The demyelinating peripheral neuropathy Charcot-Marie-Tooth type 4B (CMT4B) is characterized by axonal degeneration and myelin outfoldings. CMT4B results from mutations in either myotubularin-related protein 2 (MTMR2; CMT4B1) or MTMR13 (CMT4B2), phosphoinositide (PI) 3-phosphatases that dephosphorylate phosphatidylinositol 3-phosphate (PtdIns3P) and PtdIns(3,5)P2, lipids which regulate endo-lysosomal membrane traffic. The catalytically active MTMR2 and catalytically inactive MTMR13 physically associate, although the significance of this association is not well understood. Here we show that Mtmr13 loss leads to axonal degeneration in sciatic nerves of older mice. In addition, CMT4B2-like myelin outfoldings are present in Mtmr13-/- nerves at postnatal day 3. Thus, Mtmr13-/- mice show both the initial dysmyelination and later degenerative pathology of CMT4B2. Given the key role of PI 3-kinase-Akt signaling in myelination, we investigated the state of the pathway in nerves of CMT4B models.

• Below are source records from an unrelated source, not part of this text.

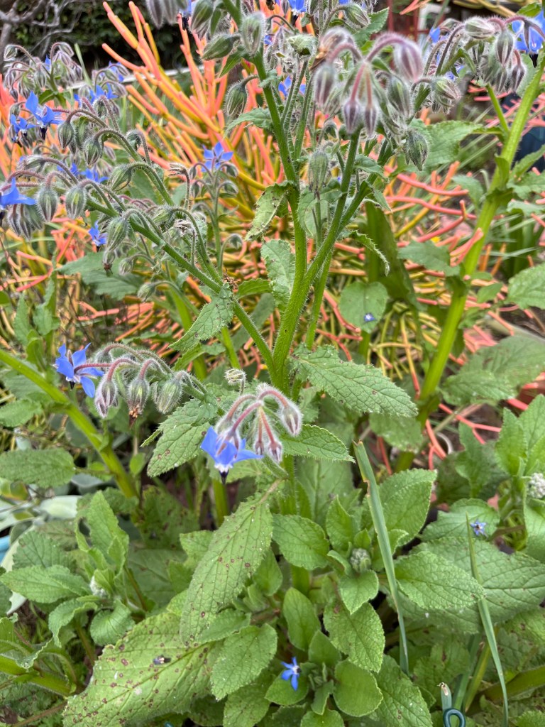 The rain has gotten all my freesias blooming. I feel like we are a month away from more flowers like the red clover and some of the early spring flowers blooming like to borage above mixed in with firesticks. Once that happens, the bees will pick up. Because I disperse several kinds of seed mixes for the bees, butterflies and birds, I never know what I am going to get as all the seeds don’t take. I like it that way. It becomes more like a meadow than cultivated garden.
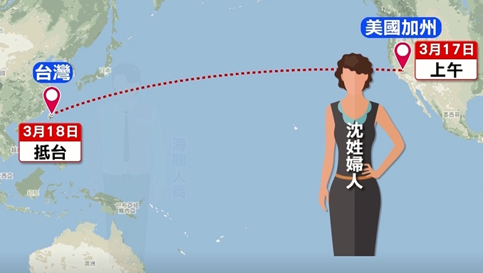 時間推回17日上午,沈姓女子一路從加州飛回台灣,全程口罩戴好戴滿,加上護目鏡、手套,不敢上廁所,甚至只喝一點水,就怕搭了飛機被感染,18日抵達台灣。」
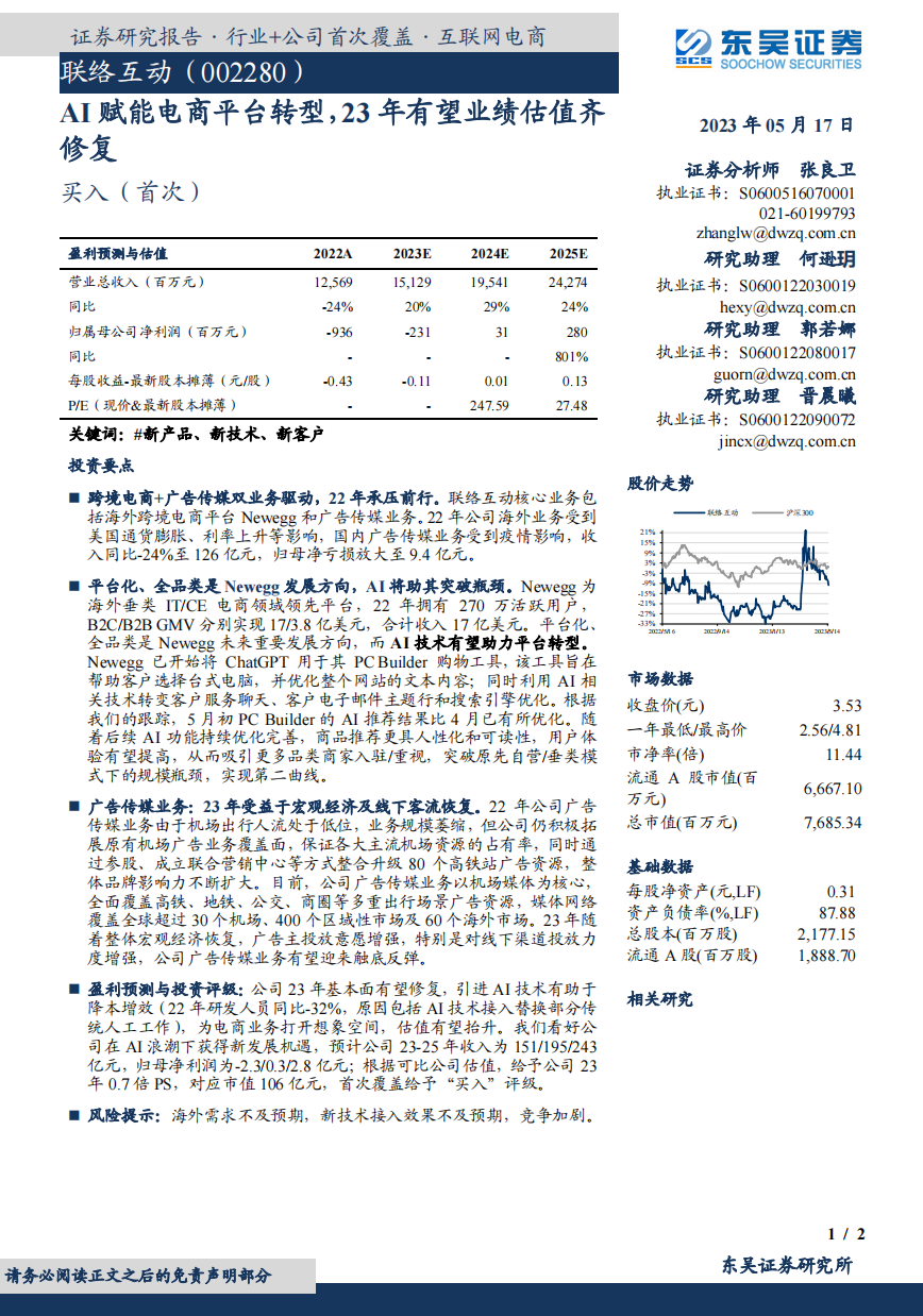 5、联络互动:AI 赋能电商平台转型,23 年有望业绩估值齐修复。
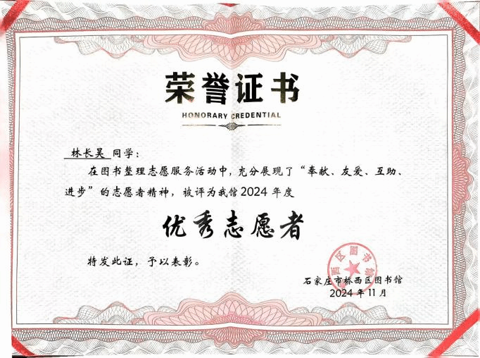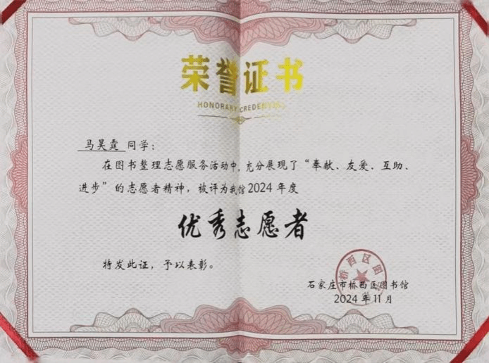 在简洁而庄重的仪式上,图书馆馆长发表了真挚的致辞,赞扬志愿者们的无私付出,称他们是图书馆不可或缺的助力,也是社区文化建设的积极因子。此次桥西区图书馆对今年会官网青年志愿者代表颁发证书,不仅是对学院青年志愿者们公益行为的肯定和鼓励,更是对学院青年学子的一种激励和引领。
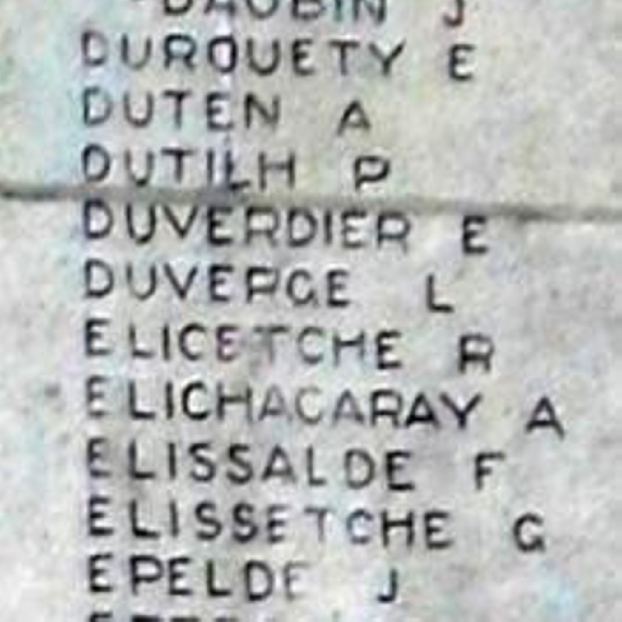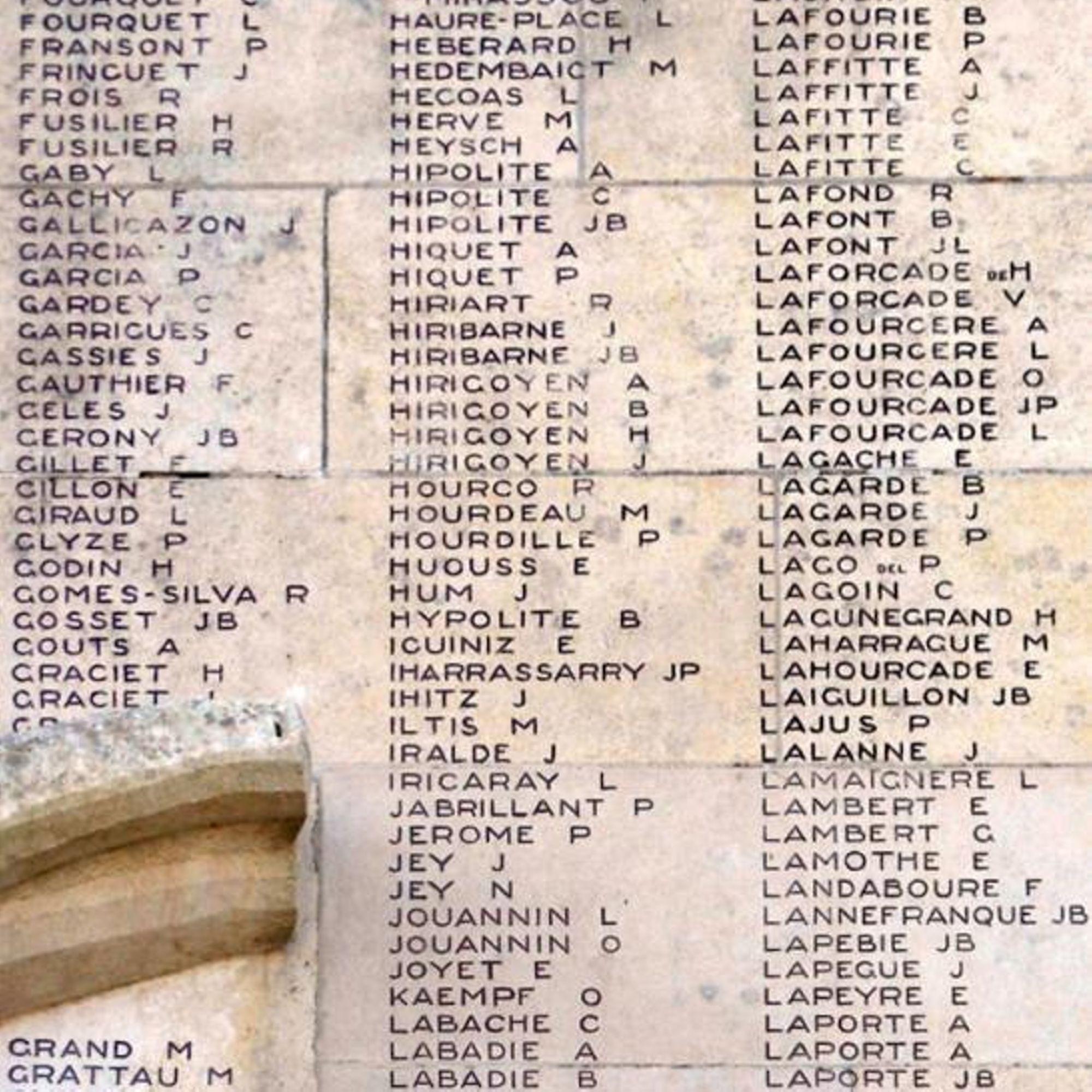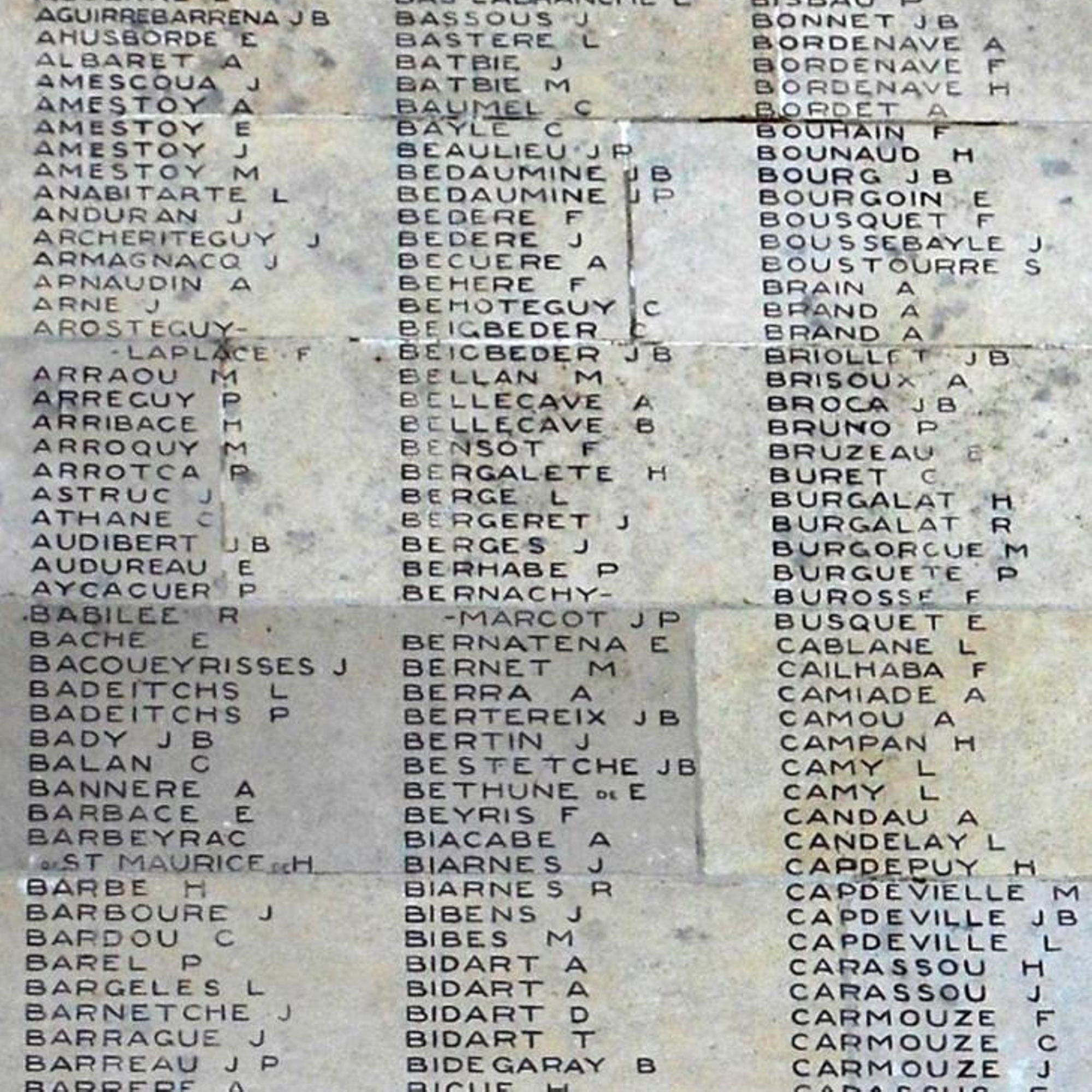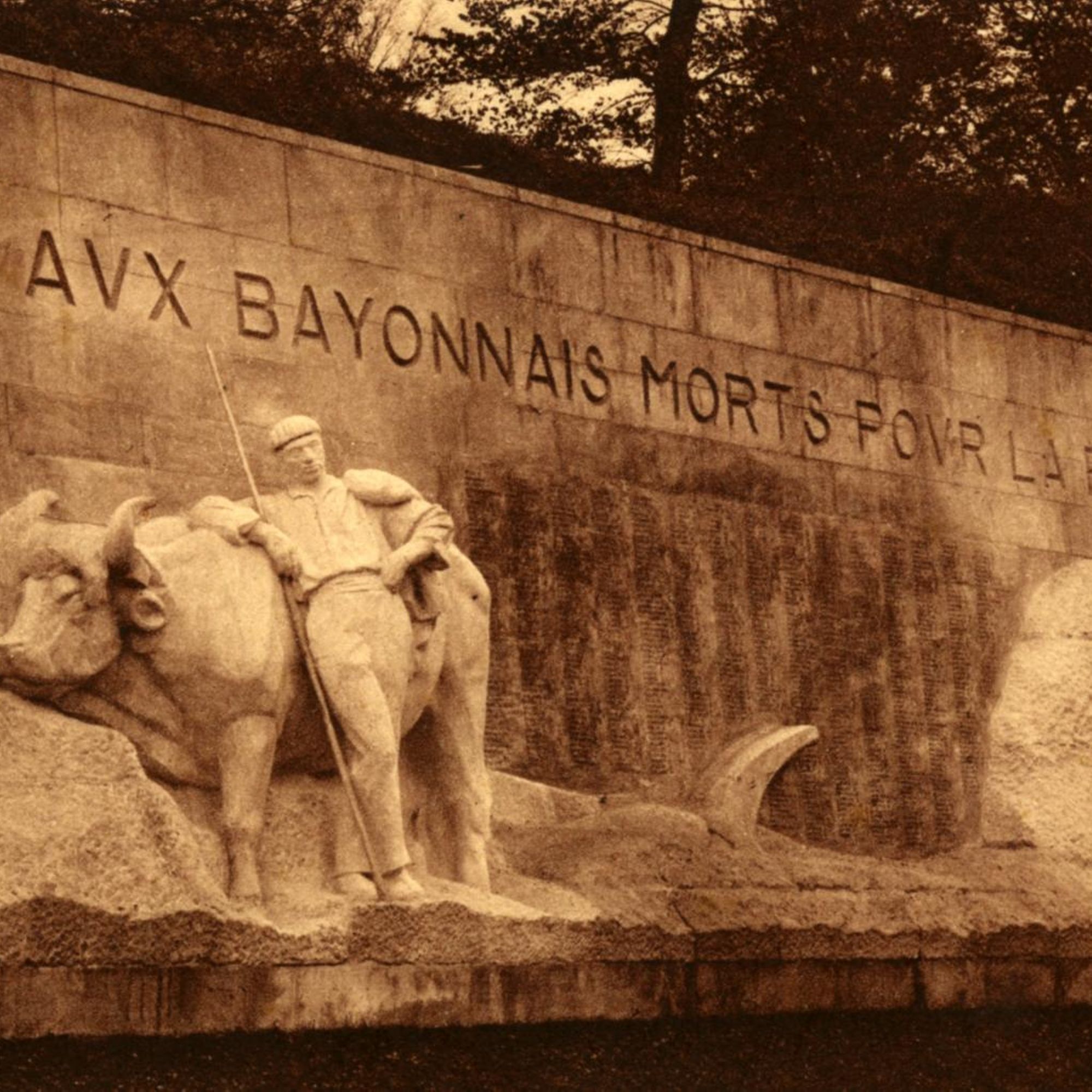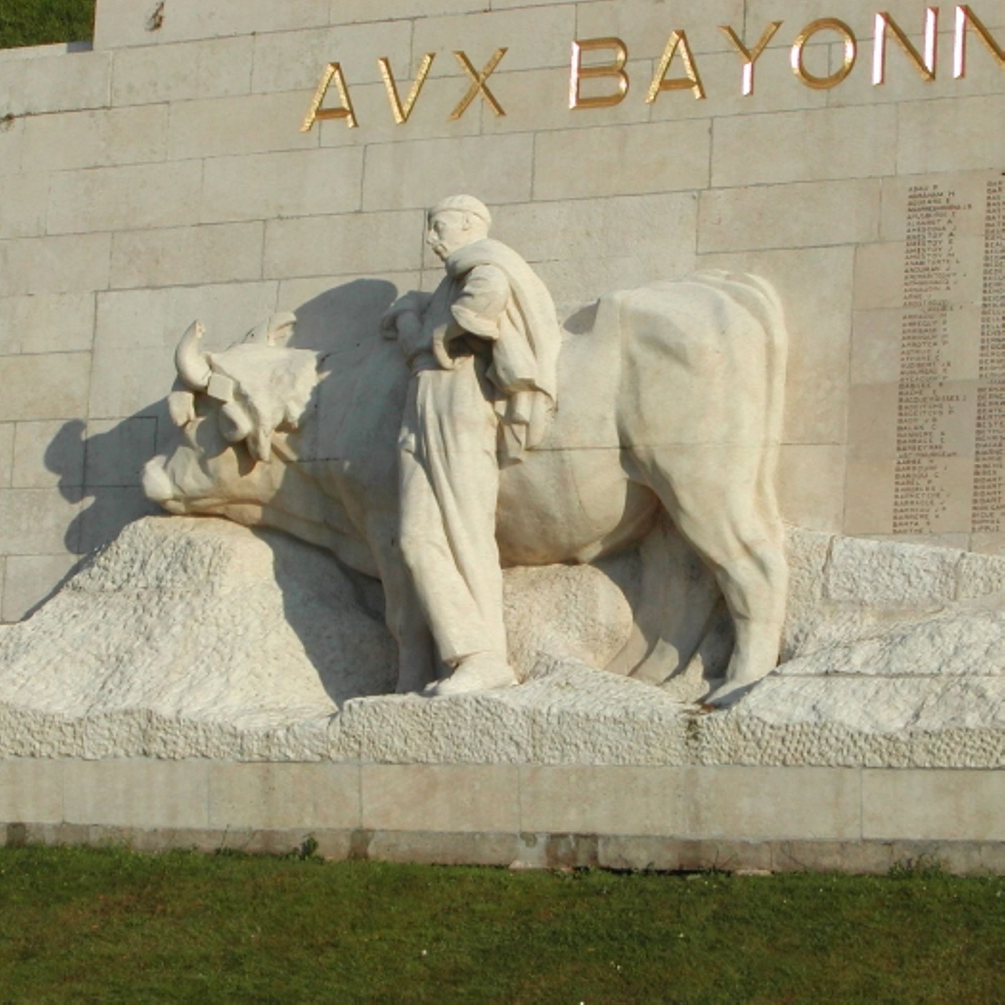 - Long mur sur lequel s’appuient deux statues encadrant la liste des morts : d’un côté, le paysan basque, accompagné de son bœuf, qui tire une charrue, et de l’autre, un Poilu de garde.

We found that Akt activation is unaltered in Mtmr13-/- and Mtmr2-/- mice. Mtmr2 and Mtmr13 are found within the Schwann cell cytoplasm, where the proteins are partially localized to punctate compartments, suggesting that Mtmr2-Mtmr13 may dephosphorylate their substrates on specific intracellular compartments. Mtmr2-Mtmr13 substrates play essential roles in endo-lysosomal membrane traffic. However, endosomes and lysosomes of Mtmr13-/- and Mtmr2-/- Schwann cells are morphologically indistinguishable from those of controls, indicating that loss of these proteins does not cause wholesale dysregulation of the endo-lysosomal system. Notably, Mtmr2 and Mtmr13 depend upon each other to achieve wild-type levels of protein expression. Mtmr2 stabilizes Mtmr13 on membranes, indicating that the Mtmr13 pseudophosphatase is regulated by its catalytically active binding partner.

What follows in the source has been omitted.